▶ [Work task]: For this task, extract exactly the lines of the data below, from the line containing "Здесь мы тоже" through the last one, with pictures left out.

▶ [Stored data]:
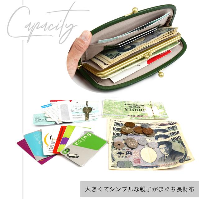 がま口を開くと中央に子がま口のある左右対称の構造になっています。カードポケットは8箇所で子がま口の両サイドにもカードが収納できます。サイドポケットも付いて横長のレシートやチケット、領収書などを分類して収納できます。フロントのフリーポケットにはすぐに使う鍵や駐車券などをしまうのに便利です。収納したものが落ちないように、スナップボタンが付いているのもうれしい。基本的な収納が備わっているため、スリムながらも使用感はスタンダードで持ちやすいのが特徴です。
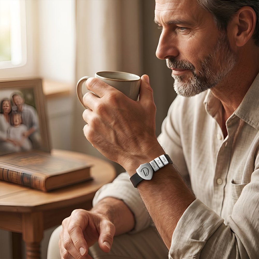 Il est idéal pour être porté au quotidien, que ce soit au travail, lors d'une sortie en famille ou pour se détendre à la maison. Il s'agit également d'un accessoire significatif pour les célébrations de la fête des pères, les dîners d'anniversaire ou pour lancer une conversation sur la famille et la foi. Portez-le seul ou empilez-le avec d'autres bracelets pour un look superposé.
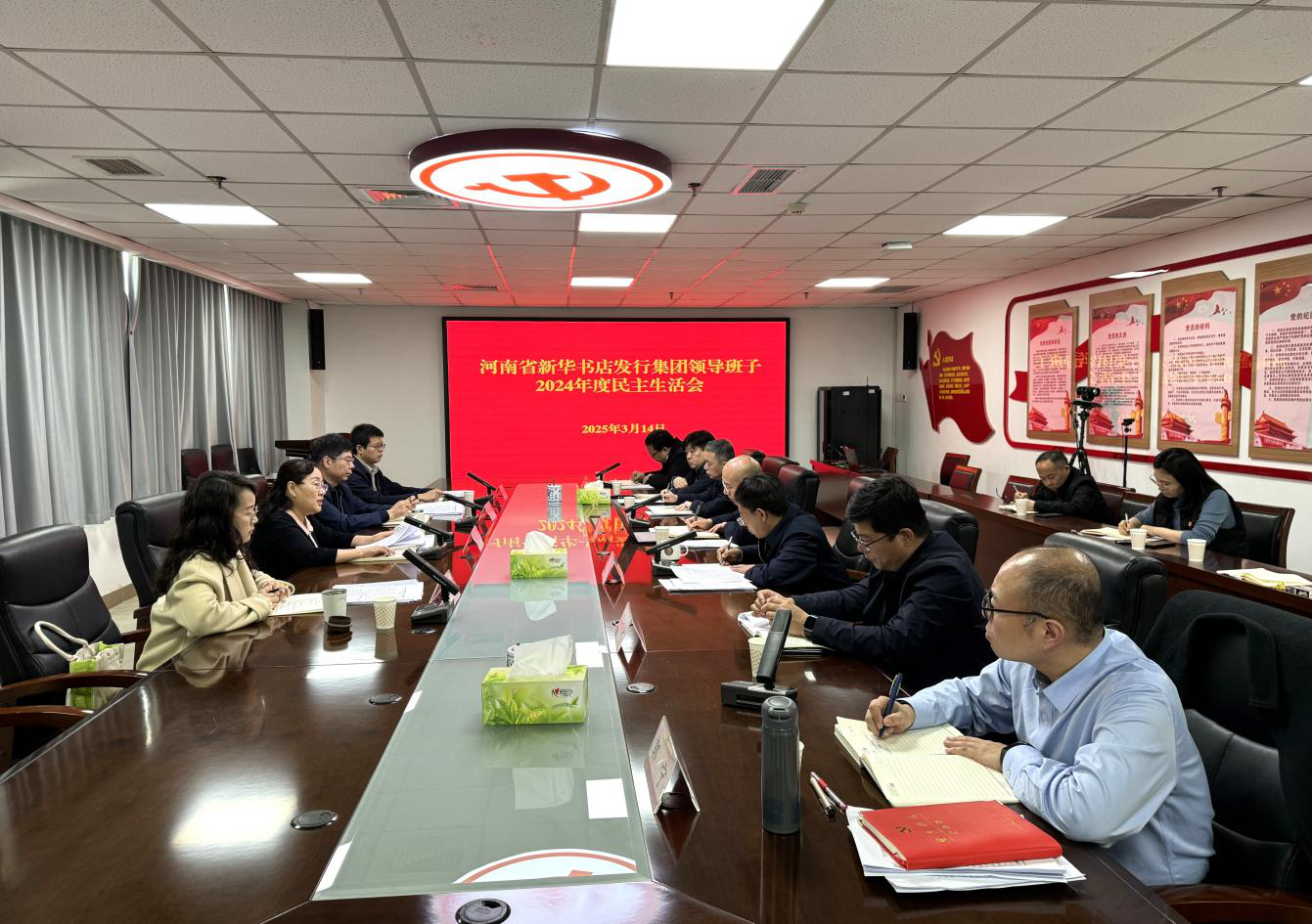 3月14日,河南省新華書店發(fā)行集團領(lǐng)導班子召開2024年度民主生活會。中原出版?zhèn)髅郊瘓F副總經(jīng)理李文平,中原出版?zhèn)髅郊瘓F直屬單位黨委副書記、黨委工作部主任賈巍,中原出版?zhèn)髅郊瘓F工會副主席、人力資本創(chuàng)新部副主任王海萍,集團公司紀委綜合室主任李智到會指導。
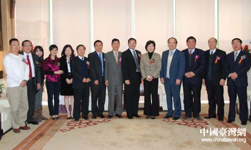 安徽省副省长花建慧亲切会见台湾复兴航空公司董事长林明昇一行后合影(图片来源:安徽省台办)
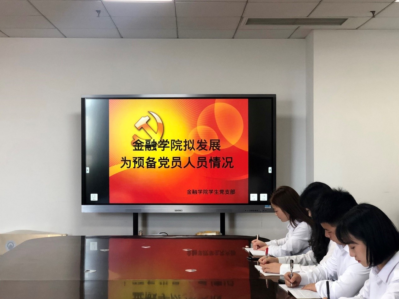 6月4日下午14:00,金融学院学生党支部在行政楼712会议室召开了金融学院拟发展为预备党员人员情况党支部大会。会议内容为讨论杨番等6位同志的积极分子转为预备党员。参加此次会议的有徐言老师、蒲晓玲老师、王灿老师及2019级第一批入党积极分子。
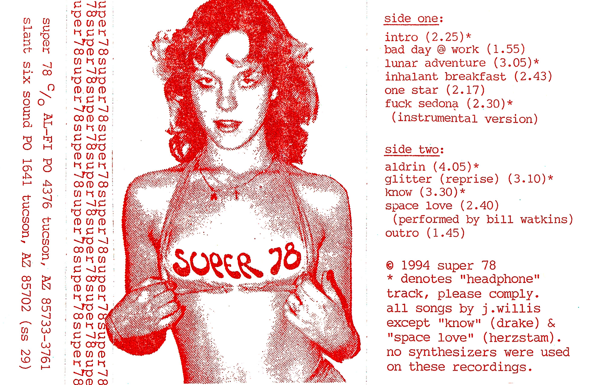 - Super 78 – “Super 78” (ss-29) – (Slant Six Sound, 1994, CASS) – Graphic Design
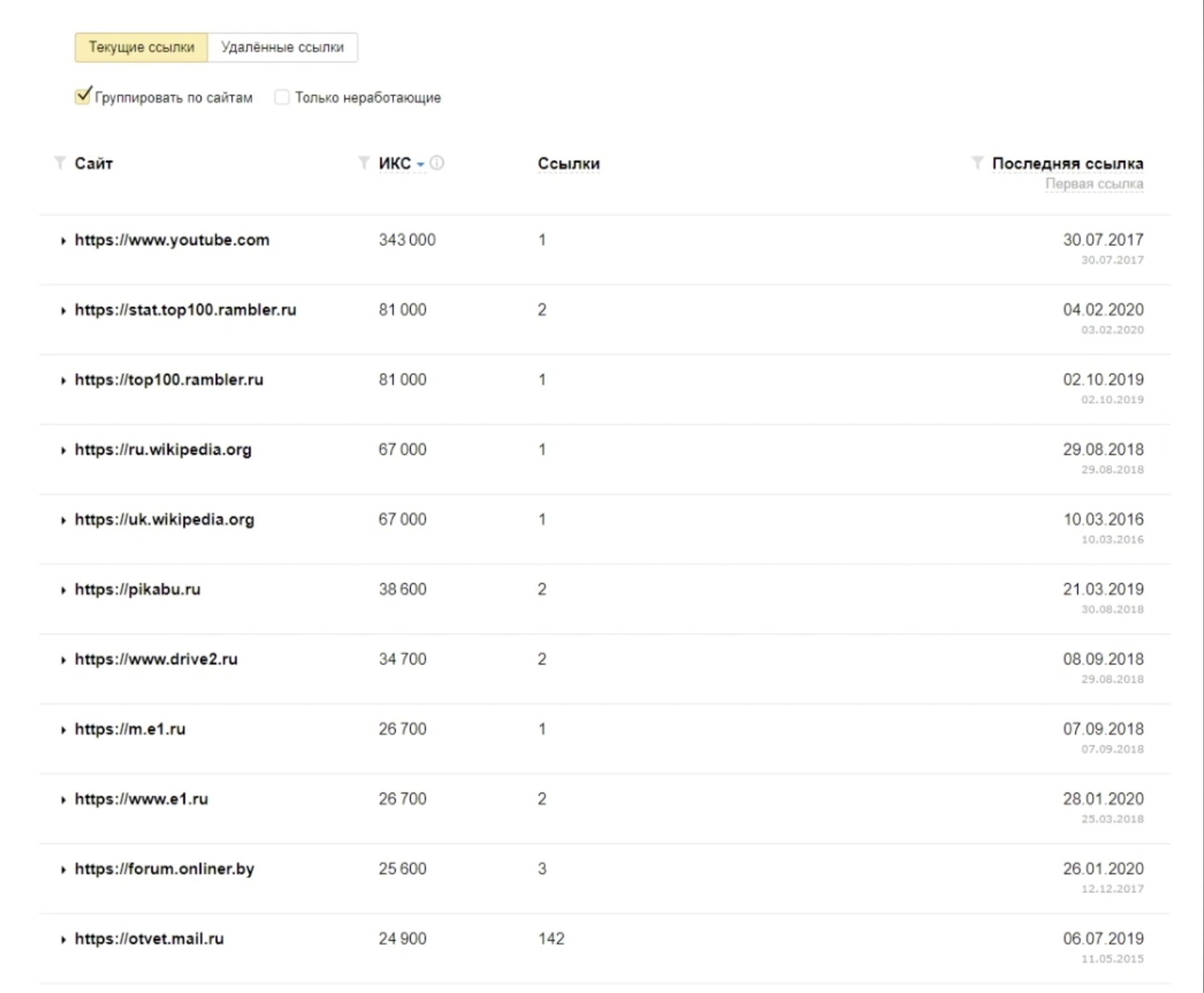 Здесь мы тоже можем посмотреть, с каких сайтов на ваш стоят ссылки. Они отсортированы по ИКСу, мы видим, в каком количестве они стоят.
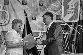 Президент напомнил страницы славной биографии трудового коллектива завода-труженика, который внес весомый вклад в создание и становление республики и укрепление ее экономики. В 1992 году рыбницкие металлурги составили костяк батальона народного ополчения и приняли самое активное участие в защите ее независимости. Евгений Шевчук поблагодарил ветеранов труда и защитников Приднестровья за их трудовой и ратный подвиг и пожелал им веры, надежды, терпения, духовного развития и благополучия.
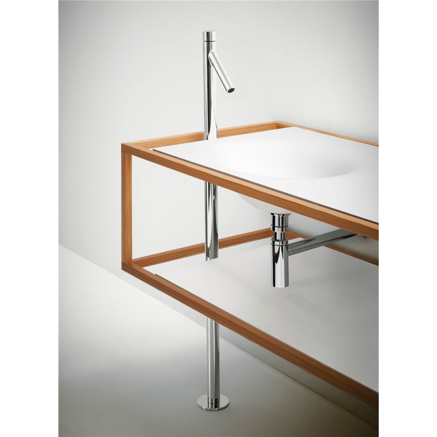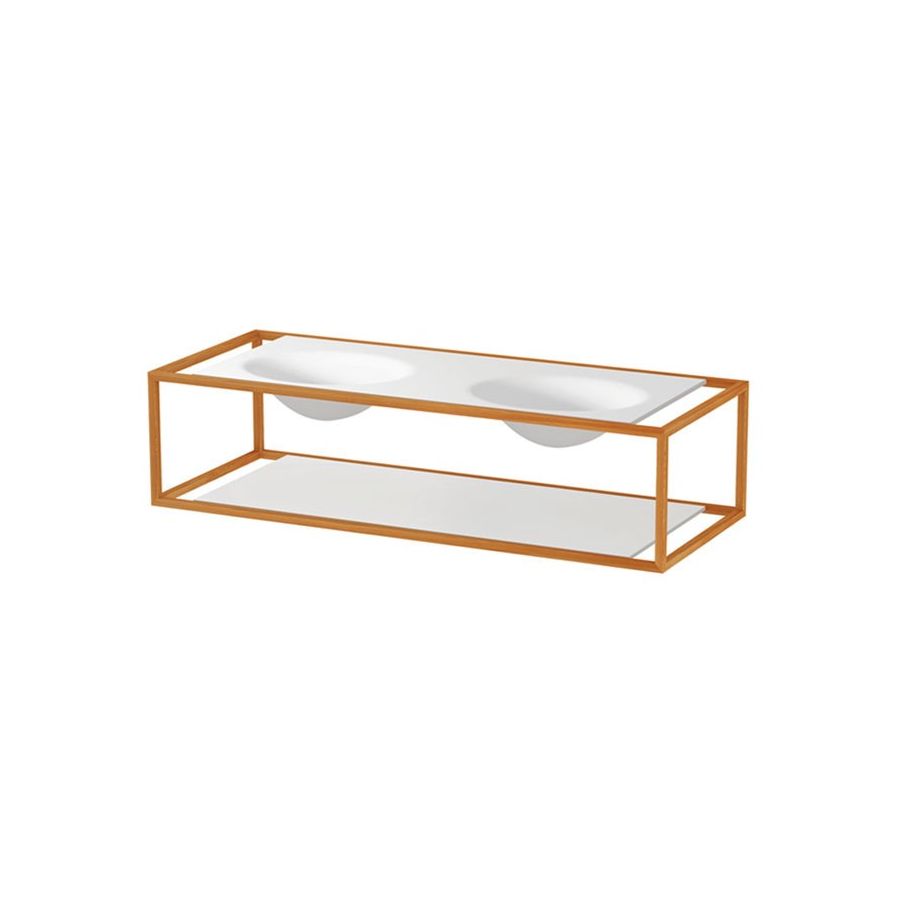 Double cristalplant® washbasin. Counter with steel structure covered with larch wood.

▶ [Solution]:
 Здесь мы тоже можем посмотреть, с каких сайтов на ваш стоят ссылки. Они отсортированы по ИКСу, мы видим, в каком количестве они стоят.
 Президент напомнил страницы славной биографии трудового коллектива завода-труженика, который внес весомый вклад в создание и становление республики и укрепление ее экономики. В 1992 году рыбницкие металлурги составили костяк батальона народного ополчения и приняли самое активное участие в защите ее независимости. Евгений Шевчук поблагодарил ветеранов труда и защитников Приднестровья за их трудовой и ратный подвиг и пожелал им веры, надежды, терпения, духовного развития и благополучия.
 Double cristalplant® washbasin. Counter with steel structure covered with larch wood.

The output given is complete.